Records:
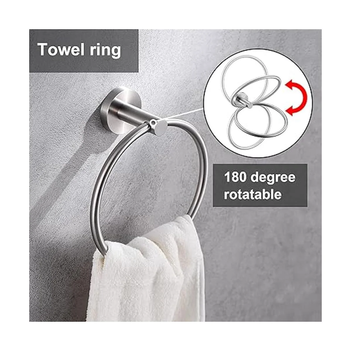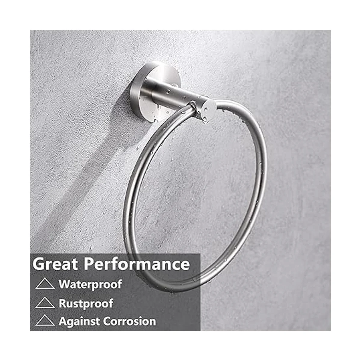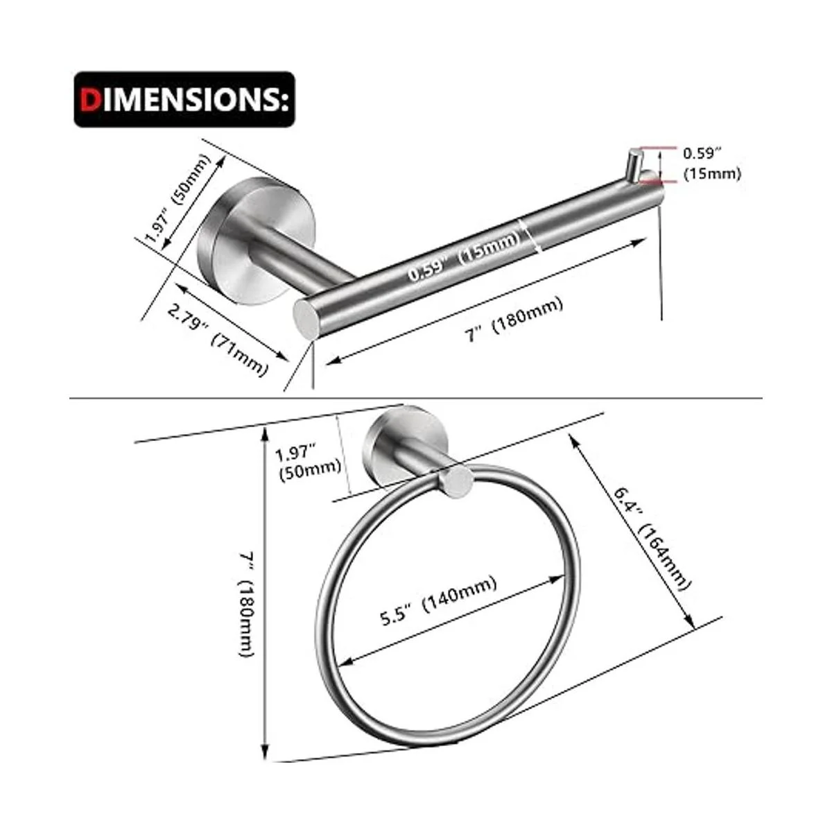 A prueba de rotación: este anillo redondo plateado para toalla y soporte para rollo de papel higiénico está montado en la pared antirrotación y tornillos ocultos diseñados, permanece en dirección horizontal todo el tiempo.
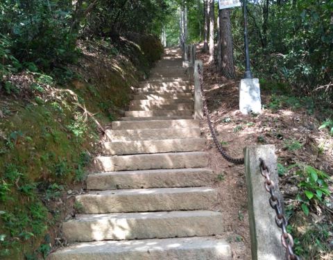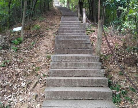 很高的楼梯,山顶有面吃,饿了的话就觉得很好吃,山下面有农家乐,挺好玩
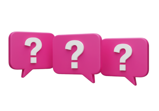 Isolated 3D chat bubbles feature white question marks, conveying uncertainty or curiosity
* * *
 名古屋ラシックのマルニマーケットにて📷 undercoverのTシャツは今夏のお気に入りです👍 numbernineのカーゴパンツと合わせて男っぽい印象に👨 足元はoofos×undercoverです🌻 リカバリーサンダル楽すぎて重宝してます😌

Work request: How would the lines above read from the one with "A prueba de" to the one with "Isolated 3D chat", inclusive, with no pictures? Write them out exactly.

Output below:
 A prueba de rotación: este anillo redondo plateado para toalla y soporte para rollo de papel higiénico está montado en la pared antirrotación y tornillos ocultos diseñados, permanece en dirección horizontal todo el tiempo.
 很高的楼梯,山顶有面吃,饿了的话就觉得很好吃,山下面有农家乐,挺好玩
 Isolated 3D chat bubbles feature white question marks, conveying uncertainty or curiosity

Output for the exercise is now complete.